I do think overcommit was a poor design choice, but I think it probably mostly does logically follow from the fact that fork and friends are the only ways available to create a process that's available to userspace. It's quite unfortunate though.

Part of the problem is that some applications wanted to reserve lots of address space but didn't necessarily want to touch it right away (such as when they were using it sparsely). Something that VirtualAlloc(x, MEM_RESERVE) (or mmap(..., MAP_NORESERVE)) would be suited for. But while malloc exists, mreserve doesn't in libc, and I think it was pretty uncommon to use it.

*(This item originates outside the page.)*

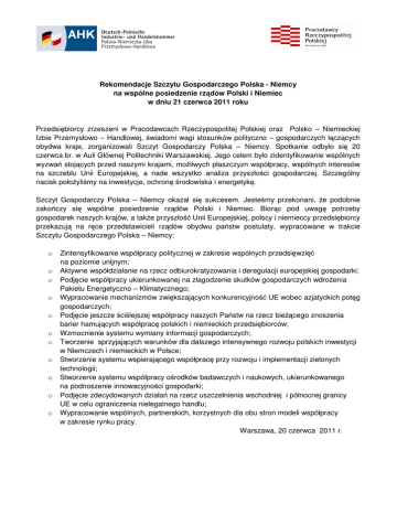 Rekomendacje Szczytu Gospodarczego Polska - Niemcy na wspólne posiedzenie rządów Polski i Niemiec w dniu 21 czerwca 2011 roku Przedsiębiorcy zrzeszeni w Pracodawcach Rzeczypospolitej Polskiej oraz Polsko – Niemieckiej Izbie Przemysłowo – Handlowej, świadomi wagi stosunków polityczno – gospodarczych łączących obydwa kraje, zorganizowali Szczyt Gospodarczy Polska – Niemcy. Spotkanie odbyło się 20 czerwca br. w Auli Głównej Politechniki Warszawskiej. Jego celem było zidentyfikowanie wspólnych wyzwań stojących przed naszymi krajami, możliwych płaszczyzn współpracy, wspólnych interesów na szczeblu Unii Europejskiej, a nade wszystko analiza przyszłości gospodarczej. Szczególny nacisk położyliśmy na inwestycje, ochronę środowiska i energetykę. Szczyt Gospodarczy Polska – Niemcy okazał się sukcesem. Jesteśmy przekonani, że podobnie zakończy się wspólne posiedzenie rządów Polski i Niemiec. Biorąc pod uwagę potrzeby gospodarek naszych krajów, a także przyszłość Unii Europejskiej, polscy i niemieccy przedsiębiorcy przekazują na ręce przedstawicieli rządów obydwu państw postulaty, wypracowane w trakcie Szczytu Gospodarczego Polska – Niemcy: o o o o o o o o o o o Zintensyfikowanie współpracy politycznej w zakresie wspólnych przedsięwzięć na poziomie unijnym; Aktywne współdziałanie na rzecz odbiurokratyzowania i deregulacji europejskiej gospodarki; Podjęcie współpracy ukierunkowanej na złagodzenie skutków gospodarczych wdrożenia Pakietu Energetyczno – Klimatycznego; Wypracowanie mechanizmów zwiększających konkurencyjność UE wobec azjatyckich potęg gospodarczych; Podjęcie jeszcze ściślejszej współpracy naszych Państw na rzecz bieżącego znoszenia barier hamujących współpracę polskich i niemieckich przedsiębiorców; Wzmocnienie systemu wymiany informacji gospodarczych; Tworzenie sprzyjających warunków dla dalszego intensywnego rozwoju polskich inwestycji w Niemczech i niemieckich w Polsce; Stworzenie systemu wspierającego współpracę przy rozwoju i implementacji zielonych technologii; Stworzenie systemu współpracy ośrodków badawczych i naukowych, ukierunkowanego na podnoszenie innowacyjności gospodarki; Podjęcie zdecydowanych działań na rzecz uszczelnienia wschodniej i północnej granicy UE w celu ograniczenia nielegalnego handlu; Wypracowanie wspólnych, partnerskich, korzystnych dla obu stron modeli współpracy w zakresie rynku pracy. Warszawa, 20 czerwca 2011 r.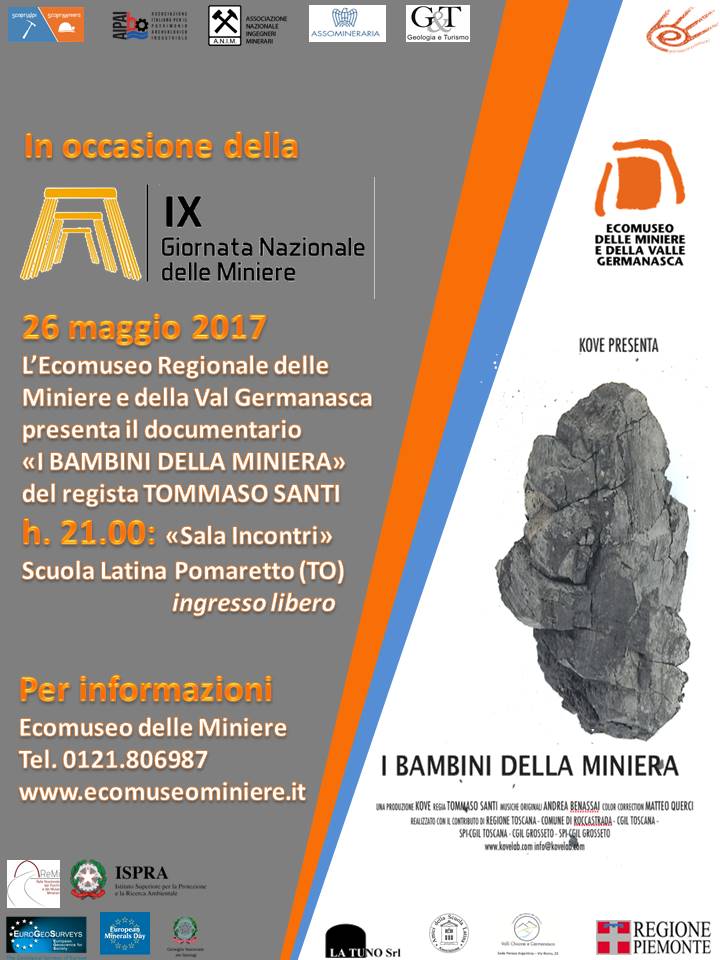 Giornata Nazionale delle Miniere 2017 Venerdì 26 maggio presentazione del Film "I Bambini della Miniera"

zinekeller · 2026-06-01T02:53:47 1780282427

> does fork–exec copy all the process's memory

NT: Yes? Why not?

(note that this refers to the Windows NT kernel's operation because it had historically a POSIX emulation layer (NT Personalities), not the modern WSL which is just Linux in a Hyper-V)

adgjlsfhk1 · 2026-06-01T04:13:35 1780287215

because this is what causes Windows to use ~80% more memory than unixes

magicalhippo · 2026-06-01T06:38:58 1780295938

Well, in that case it's a good thing I guess. Windows is orders of magnitude better when it comes to memory management on the desktop compared to Linux. Like why would I even want a single process killed by OOM killer? On Windows things just work, or get slow. On Linux it works and then mayhem ensues.

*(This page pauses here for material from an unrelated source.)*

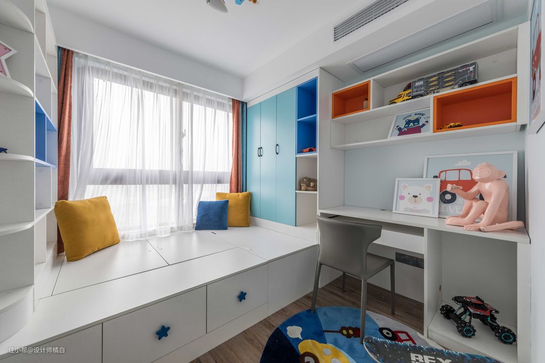 设计师将儿童房的风格、色彩拿捏的恰到好处,充满童趣之余又不会有过于儿童化的感觉,即使孩子长大一些不会嫌弃幼稚,客人来了也能睡。

Last year I was writing a reply on a forum in Firefox on Linux when the OOM killer decided to nuke Firefox. Poof gone, mid keystroke. How does anyone think that's acceptable?

This was on a stock Linux distro, nothing special.

ChocolateGod · 2026-06-01T09:21:21 1780305681

> Windows is orders of magnitude better when it comes to memory management on the desktop compared to Linux.

The bar is pretty low, but the windows scheduler is aware what the currently focussed app is so it can prioritise not killing it.

On Linux? Not so much.

zinekeller · 2026-06-01T11:43:12 1780314192

Actually, it depends on the Windows scheduler settings. On Windows Server, the default is to kill the foreground process (on the assumption that it is just a management app rather than a critical server component).

magicalhippo · 2026-06-01T11:57:04 1780315024

In either case, Windows tries a lot of things to avoid killing processes. Which at least in a desktop setting is an infinitely better approach than random beheadings without warning.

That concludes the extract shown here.